Free Republic
Browse · Search
News/Activism
Topics · Post Article

To: CharleysPride; All

Below is a fine example [more of the same in the link below] of how academics are actively working to distort American Exceptionalism - deconstructing what was one of the last holdouts. It’s a good insight into why the U.S. space program is being destroyed - greened up, toned down, melded into a global co-op. NASA [manned space exploration] is useful because it is symbolic but it must be transformed as it props up one of the last vestiges of American Exceptional thinking.

http://history.nasa.gov/sp4801-chapter25.pdf

“.....This brief historical review has shown how the rhetoric of space advocacy has sustained an ideology of American Exceptionalism and reinforced long-standing beliefs in progress, growth, and capitalist democracy. This rhetoric conveys an ideology of spaceflight that could be described, at its worst, as a sort of space fundamentalism: an exclusive belief system that rejects as unenlightened those who do not advocate the colonization, exploitation, and development of space. The rhetorical strategy of space advocates has tended to rest on the assumption that the values of “believers” are (or should be) shared by others as well.

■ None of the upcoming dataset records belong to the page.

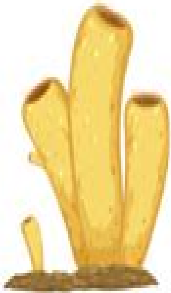
No Symmetry (eg. Porifera)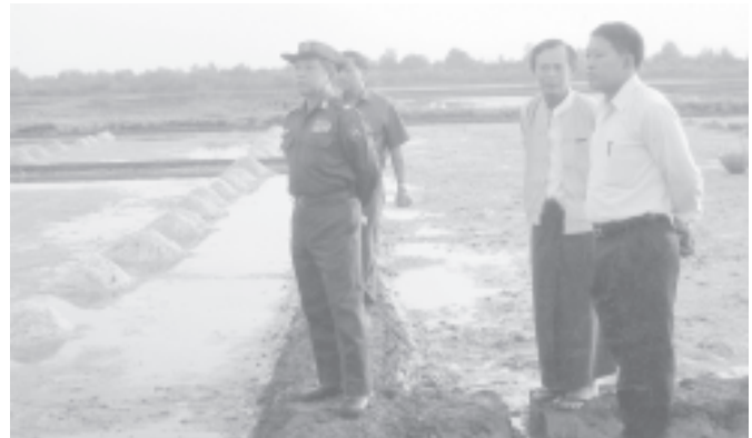
Minister for Mines Brig-Gen Ohn Myint oversees Thahmephyu salt industry in Ngaputaw Township. — MINES

The minister oversaw salt fields and met local authorities, entrepreneurs, members of Union Solidarity and Development Association. They discussed rural development tasks and cultivation of physic nut. The minister inspected Thahmephyu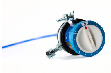
Lubrication system 12 months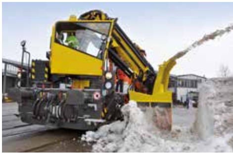
SNOW BLOWERS TO CLEAR AREAS OF SNOW

The use of mulchers to remove vegetation is both efficient and environmentally friendly.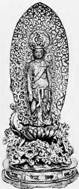
5. AMIDA (BUDDHA AMITĀBHA).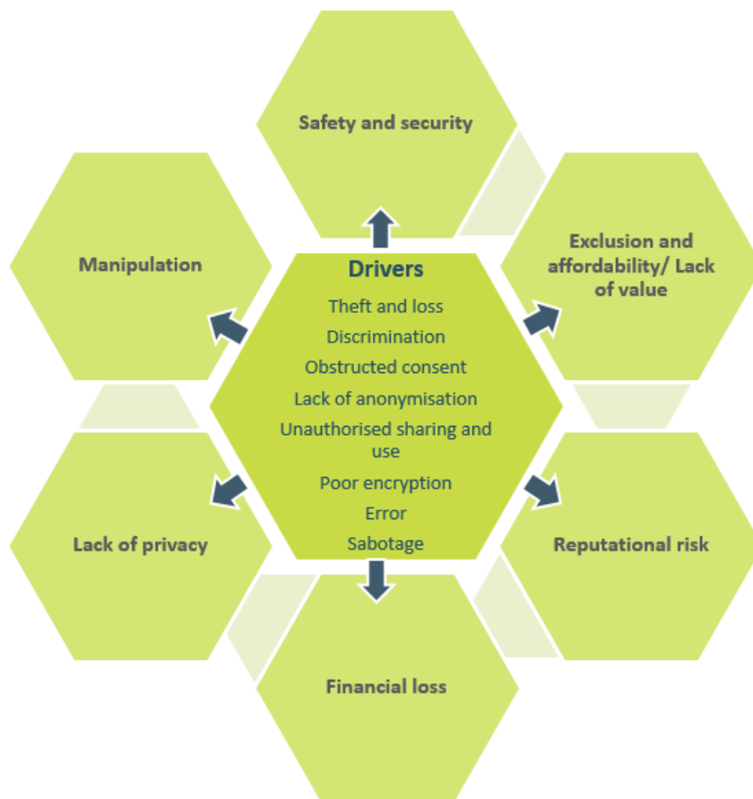
Figure 1: Key risks and primary drivers

Six core risks to consumers. Figure 1, below, provides a simplified snapshot of the major risks that may arise from insurers’ use of consumer data and of the primary drivers of these risks.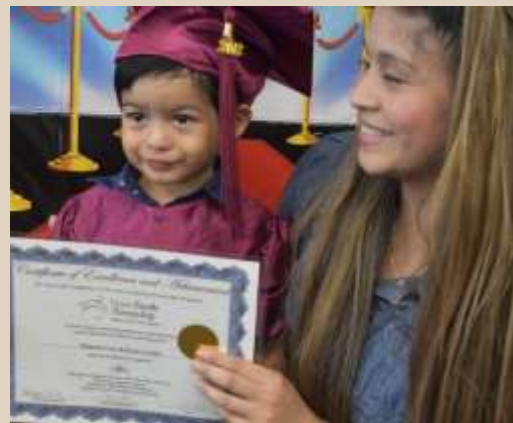
Nurse Family Partnership Program Graduate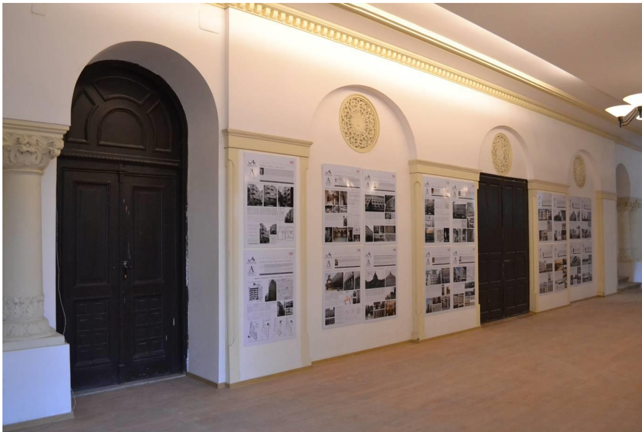
„Romanian architects, creators of cultural heritage” gallery, UAUIM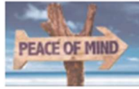
"Protecting Our Peace"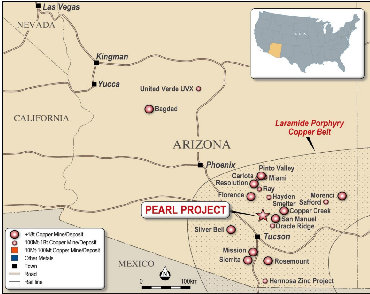
Figure 5: Major resource projects in Arizona, USA.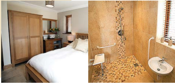
Disabled friendly bedroom with en suite wet-room and private parking alongside.

Your room is the perfect base from which to make the most of our private grounds. Play tennis, take a woodland walk, go fishing in our private lakes, cycling or even horse riding - making the most of the on-site activities Oldwalls has to offer.

Although the social, political, economic, and cultural context for space exploration has changed radically since the 1960s, the rhetoric of space advocacy has not. In the twenty-first century, advocates continue to promote spaceflight as a biological imperative and a means of extending U.S. free enterprise, with its private property claims, resource exploitation, and commercial development, into the solar system and beyond. Pyne,among others,has addressed the problematic nature of these arguments: “the theses advanced to promote [solar system] settlement,” he noted, “are historical, culturally bound, and selectively anecdotal: that we need to pioneer to be what we are, that new colonies are a means of renewing civilization.”

Spaceflight advocacy can be examined as a cultural ritual, performed by means of communication (rhetoric), for the purpose of maintaining the current social order, with its lopsided distribution of power and resources, and perpetuating the values of those in control of that order (materialism, consumerism, technological progress, private property rights, capitalist democracy). Communication research has shown how public discourses—those cultural narratives or national myths—“often function covertly to legitimate the power of elite social classes.” And this review has shown how the rhetoric of space advocacy reflects an assumption that these values are worth extending into the solar system.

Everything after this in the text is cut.